■ WHAT YOU WILL DO
In the data below, set down exactly the lines from the one containing "在太阳成集团tyc122cc" up to and including the one containing "没想到的是,在与曾小贤谈判的这半个小时里,却是让她吃了一个大大的瘪。". Leave the pictures out.

■ PROVIDED INFORMATION
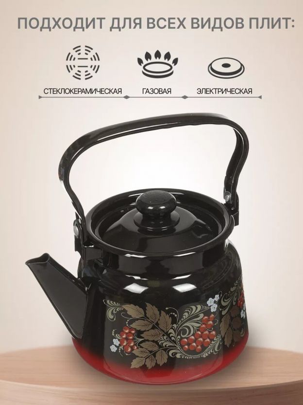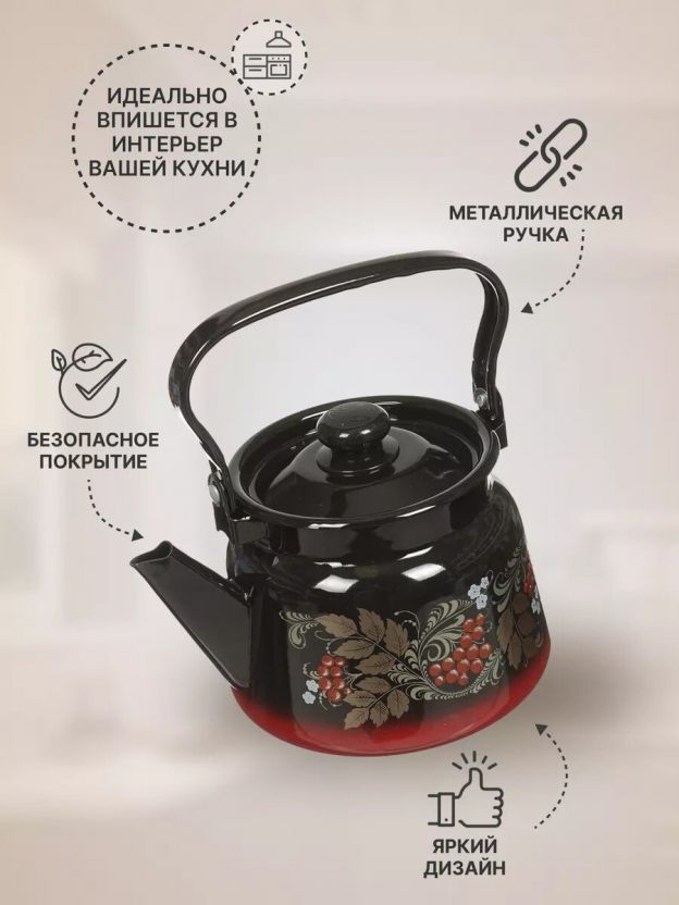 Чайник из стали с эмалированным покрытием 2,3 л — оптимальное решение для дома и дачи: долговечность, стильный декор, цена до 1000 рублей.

--

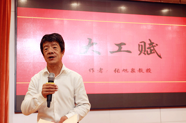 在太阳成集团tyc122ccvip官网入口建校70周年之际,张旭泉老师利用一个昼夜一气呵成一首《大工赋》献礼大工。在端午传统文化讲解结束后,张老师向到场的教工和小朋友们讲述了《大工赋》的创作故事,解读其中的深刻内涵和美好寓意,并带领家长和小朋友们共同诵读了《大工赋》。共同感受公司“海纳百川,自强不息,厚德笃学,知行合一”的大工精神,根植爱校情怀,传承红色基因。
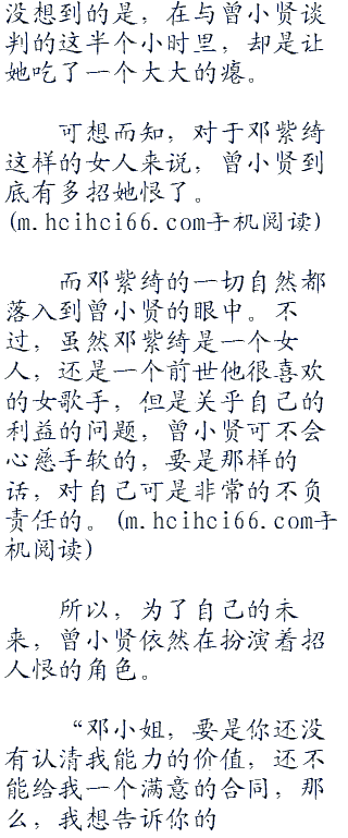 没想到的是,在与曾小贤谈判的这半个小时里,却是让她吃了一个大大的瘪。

■ WRITTEN ANSWER
 在太阳成集团tyc122ccvip官网入口建校70周年之际,张旭泉老师利用一个昼夜一气呵成一首《大工赋》献礼大工。在端午传统文化讲解结束后,张老师向到场的教工和小朋友们讲述了《大工赋》的创作故事,解读其中的深刻内涵和美好寓意,并带领家长和小朋友们共同诵读了《大工赋》。共同感受公司“海纳百川,自强不息,厚德笃学,知行合一”的大工精神,根植爱校情怀,传承红色基因。
 没想到的是,在与曾小贤谈判的这半个小时里,却是让她吃了一个大大的瘪。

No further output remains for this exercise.